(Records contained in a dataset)
Content starts
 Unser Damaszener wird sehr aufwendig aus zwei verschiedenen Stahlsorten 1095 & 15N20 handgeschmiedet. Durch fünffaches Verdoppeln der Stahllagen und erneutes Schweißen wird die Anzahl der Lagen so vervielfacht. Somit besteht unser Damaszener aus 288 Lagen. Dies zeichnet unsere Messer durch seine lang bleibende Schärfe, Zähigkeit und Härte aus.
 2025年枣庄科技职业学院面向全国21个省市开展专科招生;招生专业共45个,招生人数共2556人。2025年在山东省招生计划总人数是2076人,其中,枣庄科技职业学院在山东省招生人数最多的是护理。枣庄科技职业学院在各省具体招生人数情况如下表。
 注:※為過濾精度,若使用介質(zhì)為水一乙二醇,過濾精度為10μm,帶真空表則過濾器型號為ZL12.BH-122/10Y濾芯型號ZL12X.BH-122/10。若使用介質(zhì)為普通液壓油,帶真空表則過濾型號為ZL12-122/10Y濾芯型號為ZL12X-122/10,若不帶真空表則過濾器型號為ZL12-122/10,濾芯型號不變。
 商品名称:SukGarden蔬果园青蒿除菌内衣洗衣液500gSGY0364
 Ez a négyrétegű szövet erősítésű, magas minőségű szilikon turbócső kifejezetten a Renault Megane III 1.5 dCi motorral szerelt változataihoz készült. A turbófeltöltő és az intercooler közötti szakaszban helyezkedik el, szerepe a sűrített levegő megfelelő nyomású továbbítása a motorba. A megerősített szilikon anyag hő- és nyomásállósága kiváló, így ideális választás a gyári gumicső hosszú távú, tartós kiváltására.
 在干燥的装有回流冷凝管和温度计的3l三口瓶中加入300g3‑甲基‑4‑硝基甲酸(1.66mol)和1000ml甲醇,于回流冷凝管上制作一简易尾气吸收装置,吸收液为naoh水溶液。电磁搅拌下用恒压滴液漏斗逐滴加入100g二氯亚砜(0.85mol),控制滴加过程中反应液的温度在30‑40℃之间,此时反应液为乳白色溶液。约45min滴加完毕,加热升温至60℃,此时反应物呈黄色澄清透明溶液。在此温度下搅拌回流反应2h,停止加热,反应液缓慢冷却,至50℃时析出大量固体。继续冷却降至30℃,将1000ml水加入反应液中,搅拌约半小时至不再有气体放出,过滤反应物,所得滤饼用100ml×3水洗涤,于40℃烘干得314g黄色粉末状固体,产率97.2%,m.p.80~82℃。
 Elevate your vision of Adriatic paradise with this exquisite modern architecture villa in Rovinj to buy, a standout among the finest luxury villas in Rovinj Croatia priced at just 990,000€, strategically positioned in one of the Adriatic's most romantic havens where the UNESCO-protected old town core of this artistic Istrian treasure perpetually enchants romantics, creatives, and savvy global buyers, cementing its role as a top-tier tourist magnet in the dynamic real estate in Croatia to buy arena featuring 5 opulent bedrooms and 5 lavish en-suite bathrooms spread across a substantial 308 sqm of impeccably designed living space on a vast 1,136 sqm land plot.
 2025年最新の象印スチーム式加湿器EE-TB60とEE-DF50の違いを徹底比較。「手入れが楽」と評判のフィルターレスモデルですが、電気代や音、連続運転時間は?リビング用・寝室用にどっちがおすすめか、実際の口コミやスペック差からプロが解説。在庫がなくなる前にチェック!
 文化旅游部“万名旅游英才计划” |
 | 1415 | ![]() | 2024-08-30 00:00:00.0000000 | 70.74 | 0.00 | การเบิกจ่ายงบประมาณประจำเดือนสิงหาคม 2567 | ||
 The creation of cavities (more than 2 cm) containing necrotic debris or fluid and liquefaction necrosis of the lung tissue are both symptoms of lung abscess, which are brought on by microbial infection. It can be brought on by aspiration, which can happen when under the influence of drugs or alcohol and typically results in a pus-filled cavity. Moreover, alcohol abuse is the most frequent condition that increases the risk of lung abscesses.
Content ends
**Work request**.
Set down only the lines above that fall between the line holding "在干燥的装有回流冷凝管和温度" and the line holding "Elevate your vision", inclusive, keeping each exact.

**Answer box**.
 在干燥的装有回流冷凝管和温度计的3l三口瓶中加入300g3‑甲基‑4‑硝基甲酸(1.66mol)和1000ml甲醇,于回流冷凝管上制作一简易尾气吸收装置,吸收液为naoh水溶液。电磁搅拌下用恒压滴液漏斗逐滴加入100g二氯亚砜(0.85mol),控制滴加过程中反应液的温度在30‑40℃之间,此时反应液为乳白色溶液。约45min滴加完毕,加热升温至60℃,此时反应物呈黄色澄清透明溶液。在此温度下搅拌回流反应2h,停止加热,反应液缓慢冷却,至50℃时析出大量固体。继续冷却降至30℃,将1000ml水加入反应液中,搅拌约半小时至不再有气体放出,过滤反应物,所得滤饼用100ml×3水洗涤,于40℃烘干得314g黄色粉末状固体,产率97.2%,m.p.80~82℃。
 Elevate your vision of Adriatic paradise with this exquisite modern architecture villa in Rovinj to buy, a standout among the finest luxury villas in Rovinj Croatia priced at just 990,000€, strategically positioned in one of the Adriatic's most romantic havens where the UNESCO-protected old town core of this artistic Istrian treasure perpetually enchants romantics, creatives, and savvy global buyers, cementing its role as a top-tier tourist magnet in the dynamic real estate in Croatia to buy arena featuring 5 opulent bedrooms and 5 lavish en-suite bathrooms spread across a substantial 308 sqm of impeccably designed living space on a vast 1,136 sqm land plot.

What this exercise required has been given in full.